Цзинцзи, улучив момент, ответил ей романсом на тот же мотив:
Мы сойдемся с тобой не на четверть часа.Сам я молод, а юность творит чудеса.И твоя расцветет пышным цветом краса.И нас любовь необъятная, как небеса.
Едва завершили игру тучки и дождя, как услыхали голос Юаньсяо у калитки.
— Матушка вернулась, — предупредила горничная.
Цзинцзи торопливо оделся и вышел.
Да,
Шмель и мотылек вспорхнут на светИ скроются в цветах, запутав след.
Пань Цзиньлянь, надобно сказать, располагала тремя комнатами наверху. В средней приносились жертвы изображению Будды, а в боковых грудами лежали лекарственные травы и благовония.
После того свидания Цзиньлянь и Цзинцзи стали настолько близки, будто их склеили.
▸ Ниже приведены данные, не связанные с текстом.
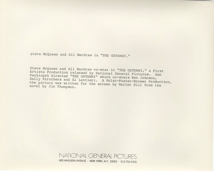 The Getaway Ali MacGraw underwear wet hair Steve McQueen Original 8x10 Photo 1972 Sam Peckinpah classic thriller stamped on back VG/Near Mint This item is an ORIGINAL 8x10 photo from the historic archives of Silver Screen Mementos. This original photograph was made in the actual year the film, television show or event was produced. The movie studios produced publicity photographs for distribution to the press, photo agencies and publicity departments to advertise the film/tv show or event. Very often original photos have press release information on the reverse of the photo - movie credits, description of the scene, event and people involved. This is a historic piece of cinema art and is being offered from one collector to another, no rights given or implied. Silver Screen are gradually releasing thousands of Original Photographs, Transparencies, Negatives, Lobby Cards, Posters, Magazines and other memorabilia from our historic archive.
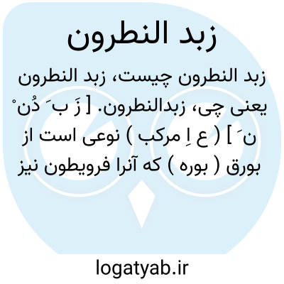 زبدالنطرون. [ زَ ب َ دُن ْ ن َ ] ( ع اِ مرکب ) نوعی است از بورق ( بوره ) که آنرا فرویطون نیز گویند. برخی از مردم گمان برده اند این نوع همان بوره ارمنی است. ( از جامع ابن بیطار: بورق ). رجوع به برهان قاطع چ معین: بورق شود.
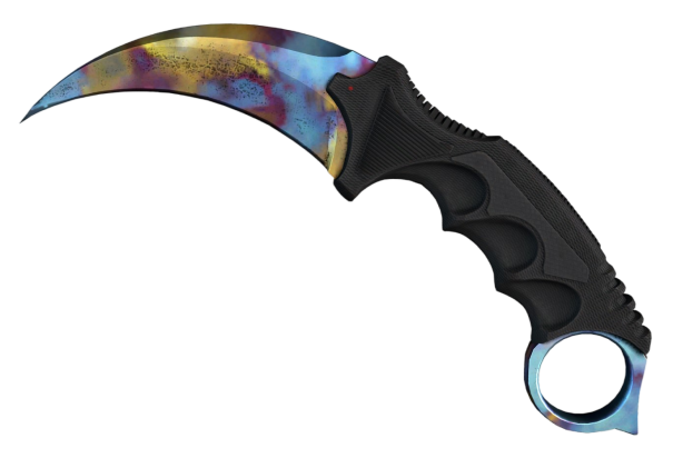 Karambit Case Hardened is known for its unpredictable blue, gold, and purple metallic patterns. Each knife is completely unique, and value is heavily determined by the amount and placement of blue on the blade, with “Blue Gem” patterns being the most legendary and expensive variants.
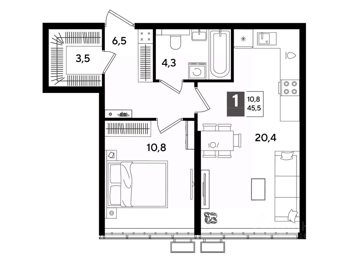 В продаже 1-комнатная квартира от застройщика! Мкр. "DOGMA PARK" г. Краснодар, Литер 34 Срок сдачи: 4 кв. 2027, общей площадью 45.5 кв.м., на 2 этаже.
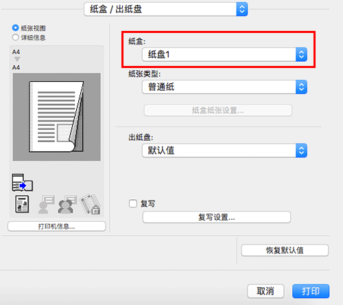 在[纸盒/出纸盘]的[纸盒:]中,选择用于打印正文页的纸盒。
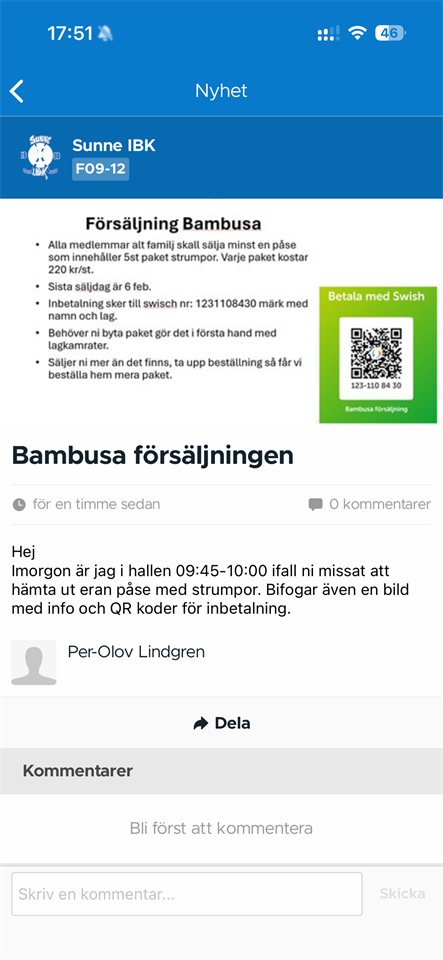 Klicka på bekräftelselänken i det mejl vi skickat dig för att börja ta emot uppdateringar från Sunne IBK A-lag Damer.
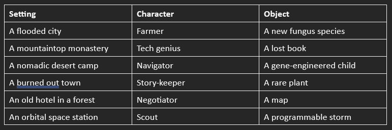 Get a die, roll it three times, once for each column, and ta da! There’s your starting points for a story. See what questions come to mind and what you can build around these seeds. (yes I know a child isn’t an object per se. I was going to change it to a cat (also not an object tbf) and forgot. So consider it a schrodinger’s child/cat)
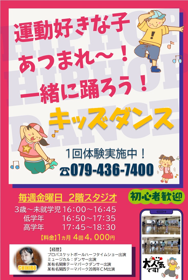 『HIPHOP』を中心とした教室です。HIPHOPは「アップ」と「ダウン」でリズムをとるのが特徴で、様々なダンスの要素が取り入れられています。集団の中で協働や協調が図られるダンスの教室は、リズム感・ダンス技術・自己表現力とともに自己肯定感や自信の構築にも繋がります。音楽が好き🎵身体を動かす💪ことが好きなお子様にオススメ🍀基本の動作から応用までわかりやすく指導を行うので、ダンスがはじめてのお子様も、今まで違うジャンルのダンスをしていたお子様も、安心して楽しくご参加いただけます。この機会にぜひ挑戦してみてください💪キッズダンスは2階スタジオで行います。保護者の方はスタジオ内に入ってお子様の練習風景を見学していただけます。1回体験も実施中🙌😍お気軽にお問い合わせください☎ ※大人気教室となります。空き状況をお電話にてご確認ください。
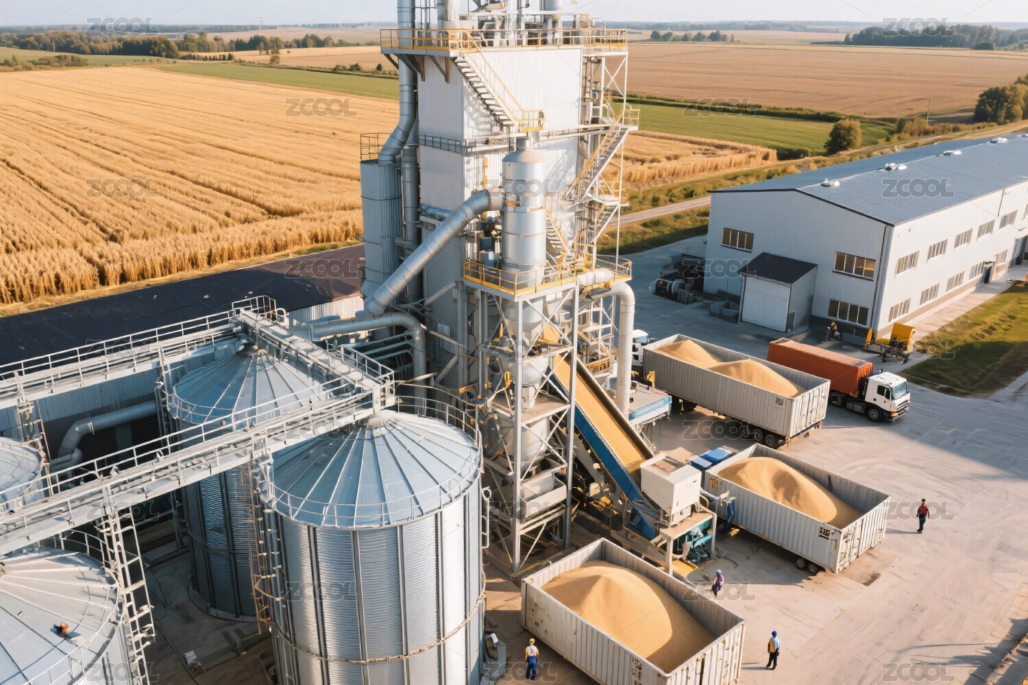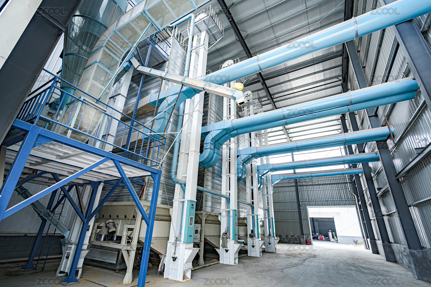 空曠的糧食加工企業(yè)車間內(nèi)部結(jié)構(gòu)及設(shè)備
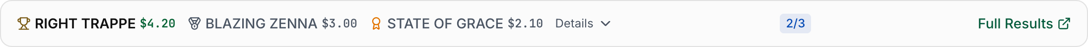 Once a race is official, a results bar appears at the top of the race. It shows the top three finishers with their Win, Place, and Show payoffs, along with an accuracy badge indicating how many of our top 3 rated horses finished in the actual top 3 (e.g., "2/3"). Click Details to expand the full results table with every finisher's position and our predicted rank, plus Win/Place/Show payoffs and exotic payouts (Exacta, Trifecta, etc.) — or click Full Results to jump to the dedicated results page for that race card.

Не проходило дня, чтобы они не улучали случая побыть вместе. И надо же было тому приключиться! Как-то после утреннего туалета Цзиньлянь поднялась наверх воскурить благовония перед бодхисаттвой Гуаньинь. В это время туда же с ключами пожаловал Цзинцзи, чтобы взять лекарственных трав и благовоний. Они встретились лицом к лицу. Цзиньлянь забыла о бодхисаттве. Рядом никого не было, и они, обнявшись, слились в страстном поцелуе.
— Милая моя, дорогая, — шептал он.
— Душа моя, жизнь моя, — отвечала она. — Давай тут совершим, пока никого нет.
И они, сняв одежды, устроились прямо на скамейке. Точно дикие уточки, порхали и резвились, наслаждаясь близостью. Волшебный корень не стремился вглубь, не нарушая нежного союза.